The last question to consider is: Should this activity be prevented? This involves weighing the effort required to prevent the activity against its potential impact. It is essential to balance the need for security with the practicalities of network operations. Some scanning activities may have legitimate uses, and some activities identified as scans may be false positives of benign operations. In such cases, indiscriminate prevention could disrupt normal activities (Kurose and Ross, 2017). Therefore, careful consideration is necessary to ensure that preventive measures are effective and proportionate.

3.2 Eight-Step Classification Process

To answer these six questions in systemically and generalize the process into a taxonomy, we introduce an eight-step classification process, each step building upon the previous one both sequentially and logically to provide a comprehensive analysis of detected port scans. By systematically addressing these questions and following the eight-step process, the proposed taxonomy provides a robust framework for analysing and categorizing port scanning activities, ultimately enhancing the effectiveness of network security measures.

3.2.1 Step 1: Activity identification

The first step in our taxonomy development process is the identification of the type of activity. This step is crucial as it provides the foundational classification upon which further analysis will be based. Several types of port scanning activities can be identified, each with distinct characteristics and implications for network security.

Vertical port scans involve scanning a single host for multiple open ports. This type of scan is often used by attackers to identify vulnerable services on a target machine. Vulnerability scans are designed to identify known vulnerabilities within the systems being scanned. These scans can be legitimate, performed by network administrators to assess security, or malicious when conducted by attackers (Stallings, 2016). Sweep scans target the same port across multiple hosts, helping attackers to identify which machines on a network have a particular service running (Bhuyan, Bhattacharyya, and Kalita, 2011). ICMP scans use ICMP to discover hosts on a network. Slow scans, on the other hand, spread the scanning activity over a prolonged period to avoid detection by security systems (Ring, Landes, and Hotho, 2018). Each type of activity can be identified and classified based on specific criteria, such as the pattern of network traffic, the timing of scan attempts, and the range of ports or IP addresses targeted. Understanding these criteria is essential for accurate classification and subsequent analysis.

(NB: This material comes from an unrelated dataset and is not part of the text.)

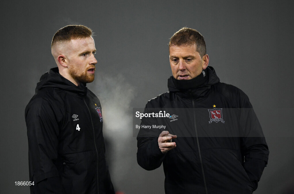 17 January 2020; Dundalk head coach Vinny Perth speaks with Seán Hoare of Dundalk prior to the Pre-Season Friendly match between Dundalk and UCD at Oriel Park in Dundalk, Co. Louth. Photo by Harry Murphy/Sportsfile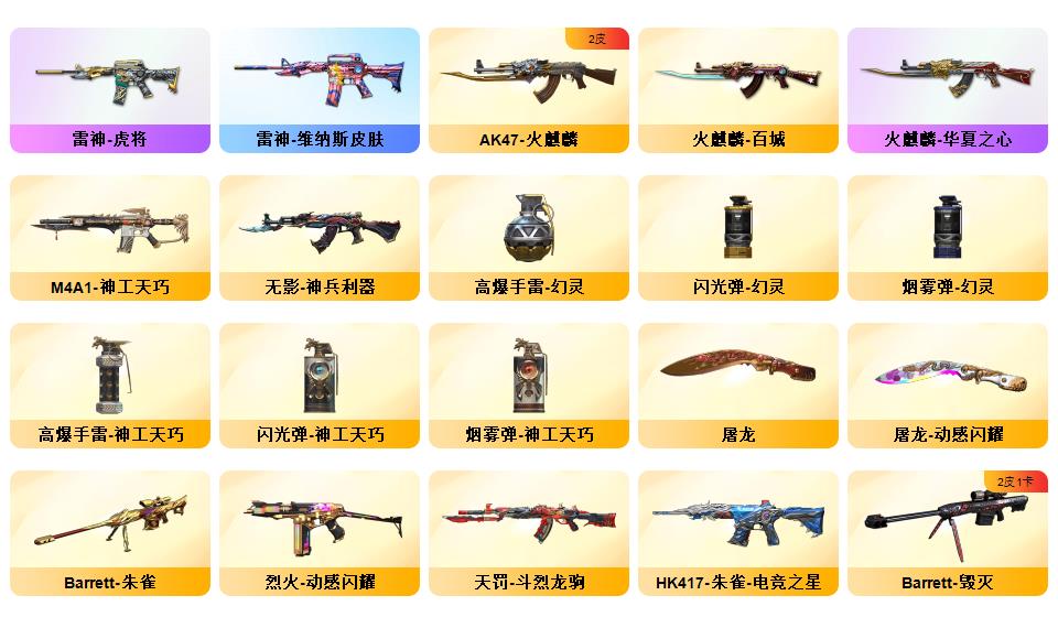 【穿越火线】广东一区 ,传说灵眸/幻神荣耀世冠EP /幻神冠军之幻/毁灭星空/毁灭黑大圣/裁决流光秘银/火麒麟CFSTAR/火麒麟华夏之心/火麒麟百城/无影耀金/黑武士361/鹰/荒漠琉璃/隼/曼珠沙华/幻面灵狐//M200-幻神/Barrett-毁灭/Barrett-朱雀/Kar98K-星神/M4A1-神工天巧/Scar Light-白虎音效卡/Barrett-毁灭音效卡,炽芒蝶刃(2)

Port scanning activities can involve different protocols, each of which plays a distinct role in the scanning process. The most used protocols in port scans are TCP, UDP, and ICMP (Roger, 2001). TCP scans are prevalent due to the protocols widespread use in Internet communication. Scanners might send SYN packets to initiate connections or use ACK, FIN, or NULL scans to probe for responses (Bhuyan, Bhattacharyya, and Kalita, 2011). Many types of TCP scans are easy to detect due to their connection-oriented nature (Bhuyan, Bhattacharyya, and Kalita, 2011). UDP scans, though less common, are used to detect services running on UDP ports. These scans are typically more challenging to detect and analyse due to the stateless nature of UDP (Kurose and Ross, 2017). ICMP scans are used primarily for network mapping and host discovery (Roger, 2001). These scans can identify which hosts are up and responsive to ICMP requests. Determining the protocol used in a scanning activity involves analysing the packet data and headers captured in firewall logs. Specific tools and techniques can parse these logs, highlighting the protocol and nature of the scan.

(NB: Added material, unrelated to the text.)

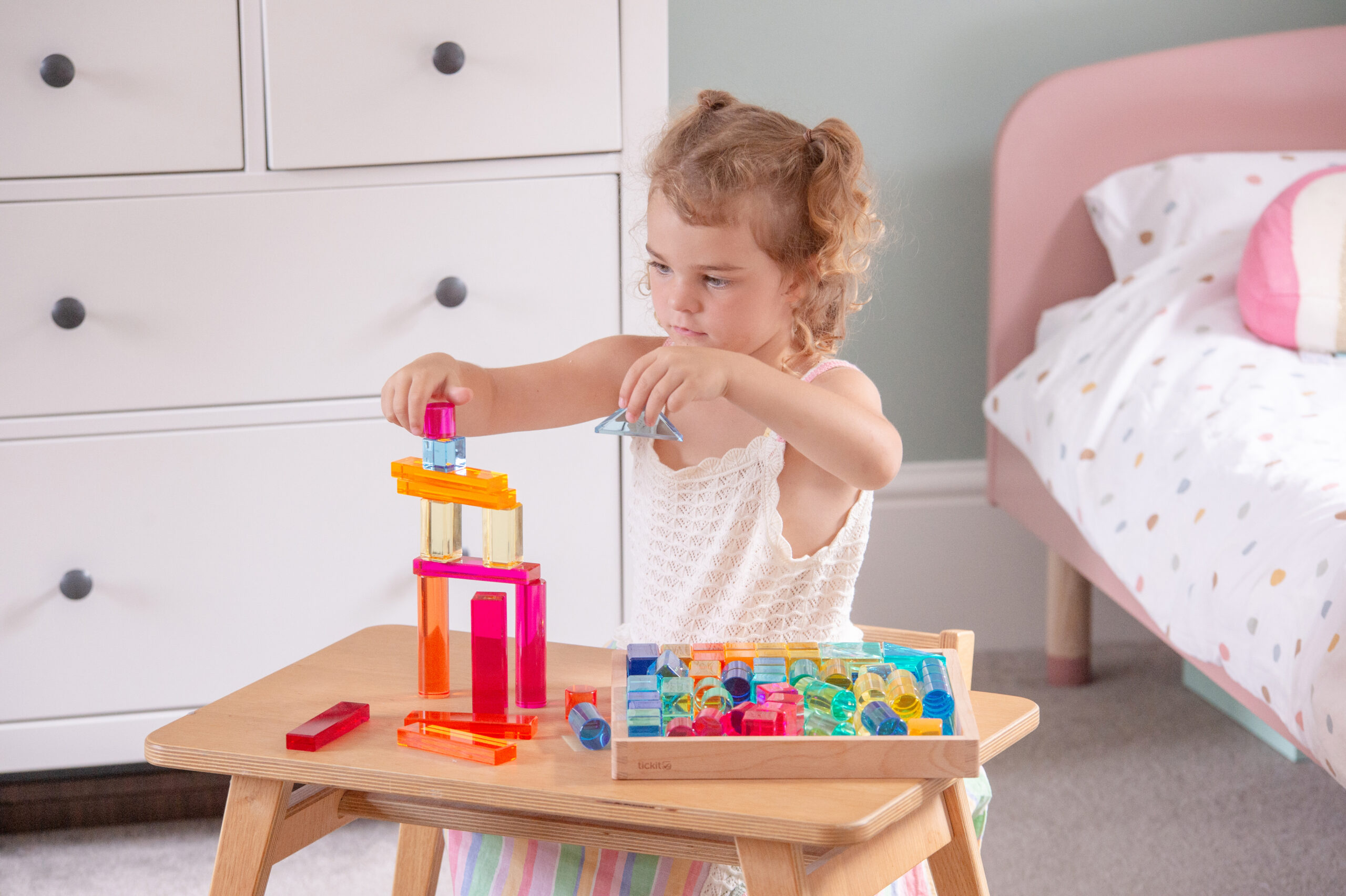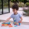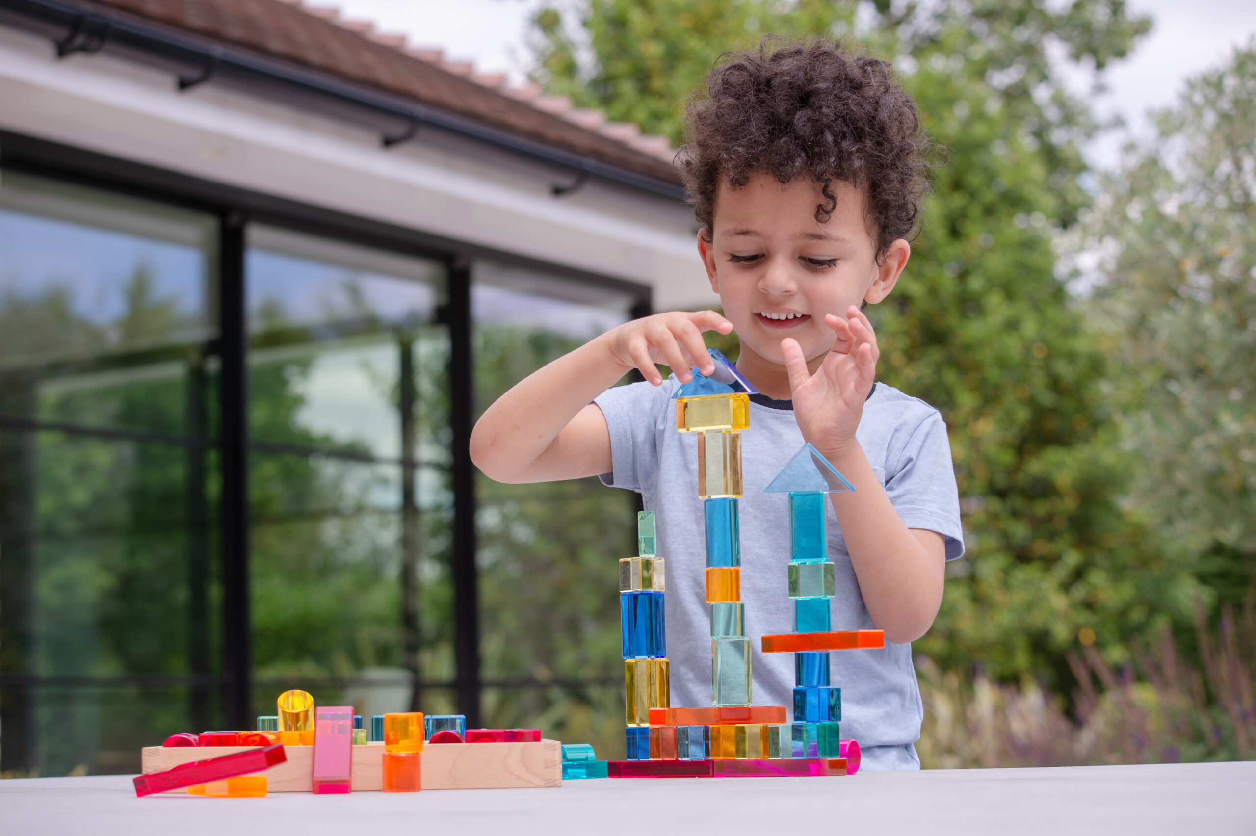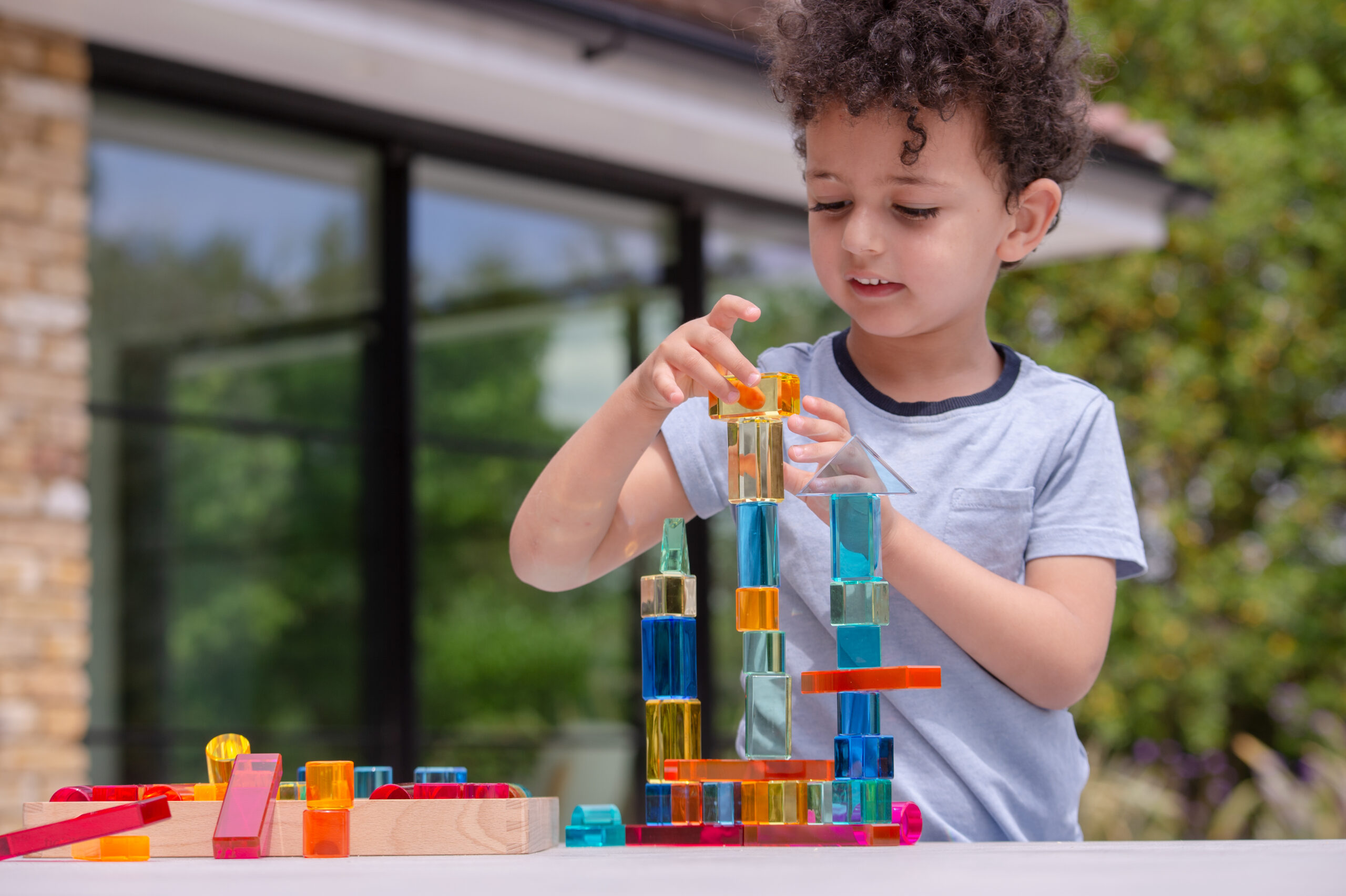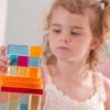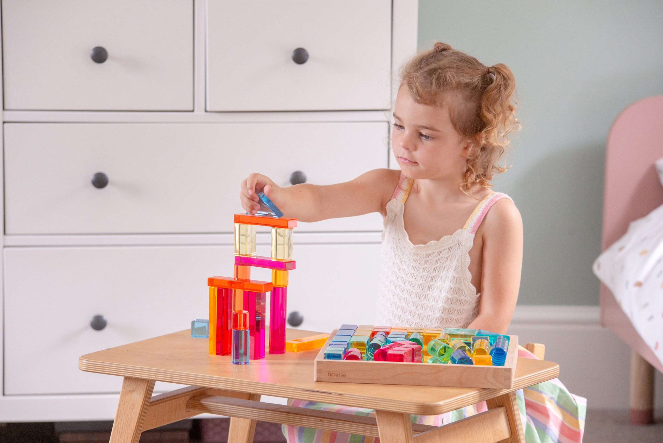 Tato velká stavebnice propojuje hladké průsvitné akrylové bloky v několika tvarech s jiskřivými křišťálově čirými „gem“ kostkami pro opravdu široké možnosti stavění. Děti mohou vytvářet jednoduché věže i složité architektonické konstrukce, zkoušet stabilitu, rovnováhu a různé způsoby skládání. Průsvitné materiály nádherně pracují se světlem a na zrcadlovém podnose vyniknou barvy i odlesky ještě výrazněji. Všechny dílky se pohodlně ukládají do kvalitního dřevěného podnosu z FSC certifikovaného bukového dřeva.

The identification of tools and techniques used in port scanning activities is another critical component of activity identification. Bhuyan, Bhattacharyya, and Kalita (2011) provide an overview of various tools that are commonly used by attackers and security researchers alike to perform port scans. Recognizing the signatures of these tools can help differentiate between legitimate and malicious activities. Nmap, for example, is one of the most widely used tools for port scanning. It can perform a variety of scans, including SYN scans, UDP scans, and OS detection (Nmap Project, 2024). Nessus and Greenbone are popular vulnerability scanners that can identify security weaknesses in a network. Each of these tools leaves distinctive signatures in log data. For instance, Nmaps SYN scan sends a series of SYN packets to different ports, which can be recognized by their characteristic patterns in firewall logs. Nessus and Greenbone scans typically generate more extensive and detailed logs due to the comprehensive nature of their vulnerability assessments. By understanding these signatures, we can accurately identify the tools and techniques used in scanning activities, providing further context for subsequent analysis steps.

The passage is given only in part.